Arthur finished listening to this and was still dissatisfied, he may not be the ugliest creature in the universe but he was still amazingly unattractive and unless a cure was found, likely to take up poetry to express his bitter anguish. He wandered over to the mirror and attempted to take himself by surprise. He succeeded and jumped at the sight of the green, vaguely Arthur shaped blob he found staring back at him.
"Why me?" he asked his reflection, it was just beginning to dawn on him. "Why not Zaphod? He'd make it cool, I can't pull it off, green doesn't go with my eyes!" the vogon staring at him cruelly mimicked his facial movements but didn't answer.

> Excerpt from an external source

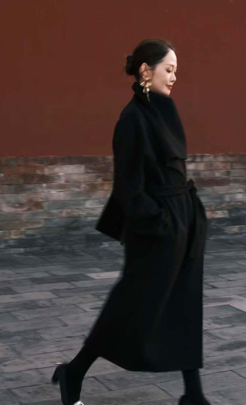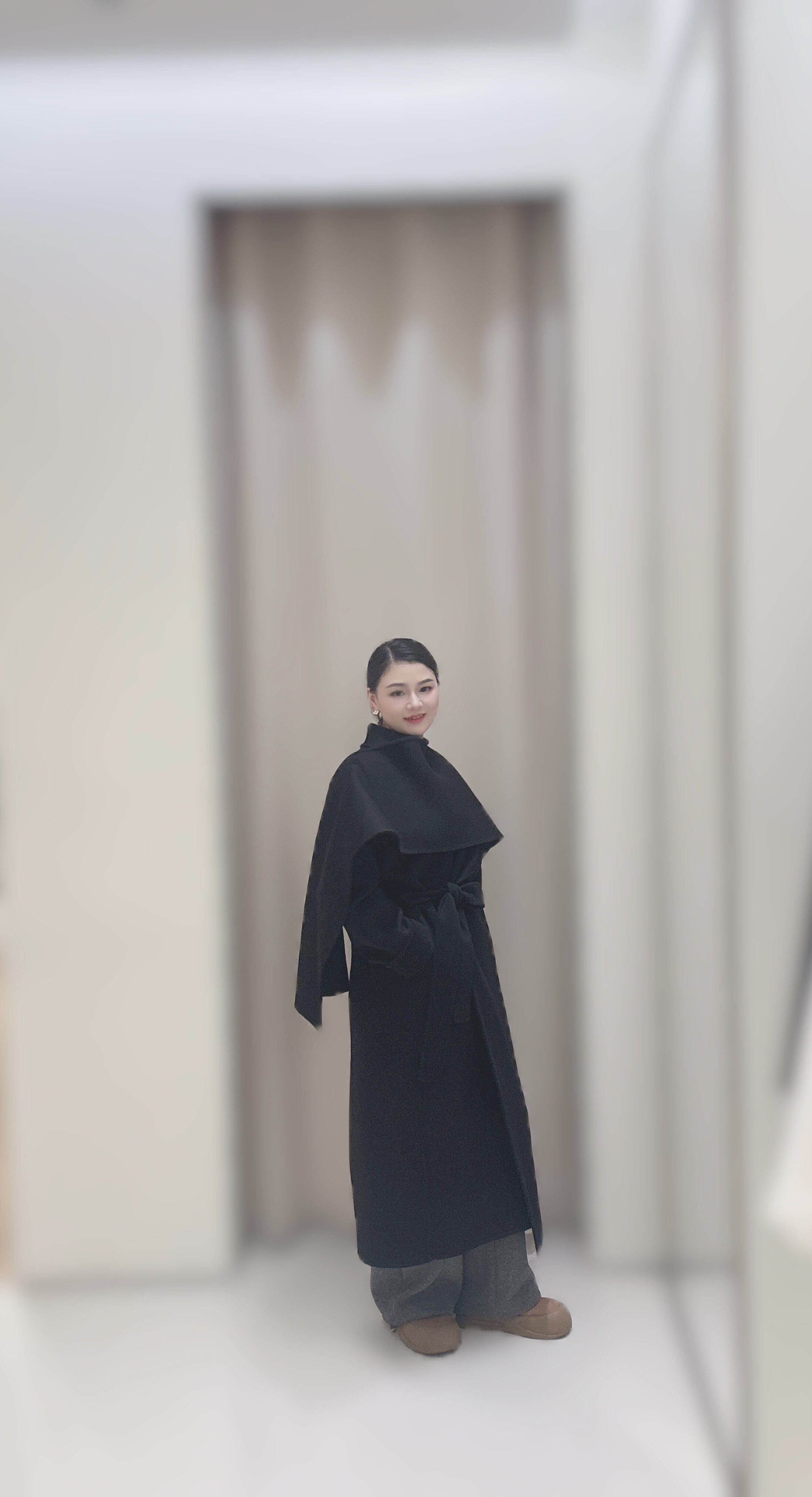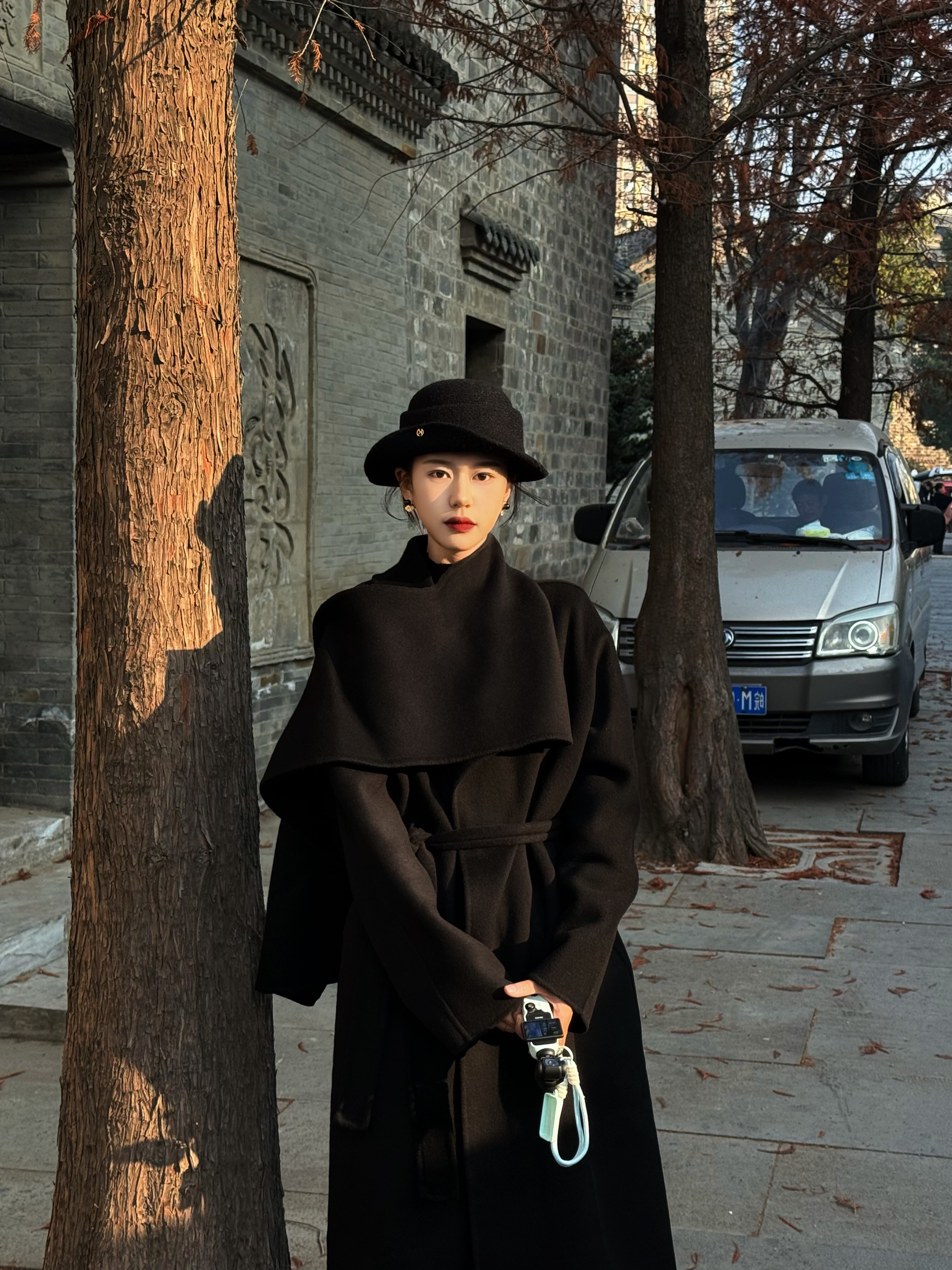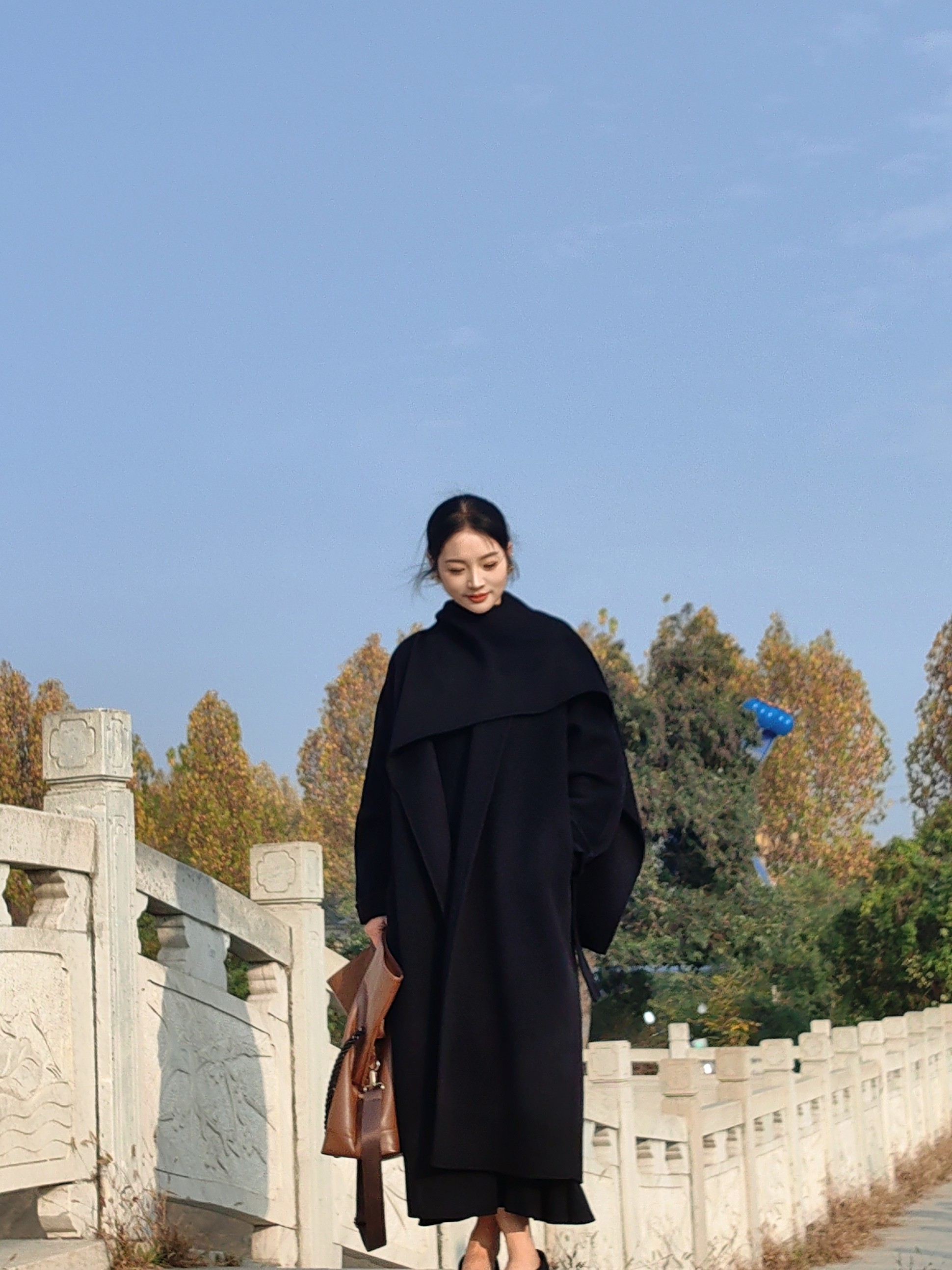 羊绒羊毛的奢暖,双面呢工艺的精致,自带围巾设计的巧思,黑色的经典,共同构成了这种独特的风格。穿上它,你不需要刻意凹造型,不需要复杂的搭配,一件大衣本身,就是气质的表达。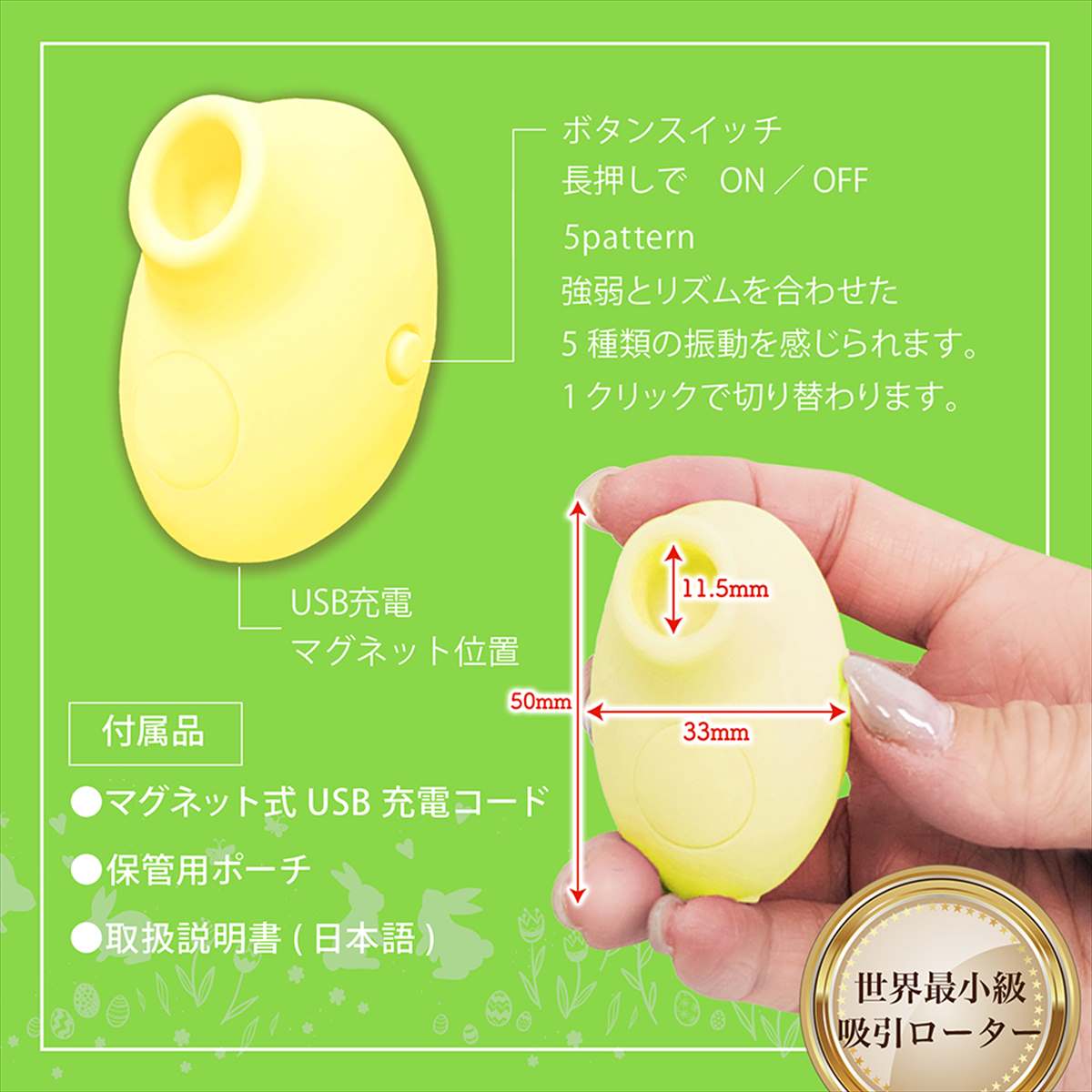 やさしく、時には官能的に…刺激的な愛撫に包み込まれる。陰●体への吸引機能がついたセルフプレジャーアイテム。長年の製品ノウハウから「エアーバルブ方式」を開発、近年発売されるトイの中でも注目度の高い吸引系グッズの超小型化に成功しました。握ると手の中に隠れてしまうほどの極小サイズです。段階を経て優しく吸引することにより、心地の良いオーガズムを体感することができます。陰●を覆う吸い口は柔らかなシリコン製で、大切なところを優しく保護しつつ吸引力が逃げないような構造になっております。防水仕様でお手入れもしやすく。充電式でコードレスなので扱いやすくなっております。このサイズだから、ポーチにいれて持ち運び自由なことはもちろん、下着の中でこっそりと楽しむことも可能。パートナーとのマンネリ化防止として密かに使いたいとお考えの方にもぴったりです。

"At least you have eyes" the pineapple muttered, eyebrows furrowed in concentration. Arthur was going to respond when he realised she shouldn't have eyebrows, pineapples didn't from what he remembered and he was sure she hadn't before.
"Trillian, should you have eyebrows?"
"Me? Yes. A pineapple? No." a pair of eyes suddenly began to appear just below the eyebrows.
"I think you're becoming you again!" Arthur said, slightly annoyed that it appeared he was going to be the only disfigured one.
"I am?" the red lips on the pineapple said straight after appearing out of nowhere. "But I haven't found out the problem yet." the nose appeared, right before a body began to grow from the bottom of the pineapple, Arthur turned away with politeness as the body was naked. After a few minutes had passed, Trillian's voice spoke up from behind him, sounding embarrassed.
"Um…Arthur?"
"Yes?"
"You couldn't get me some clothes could you?"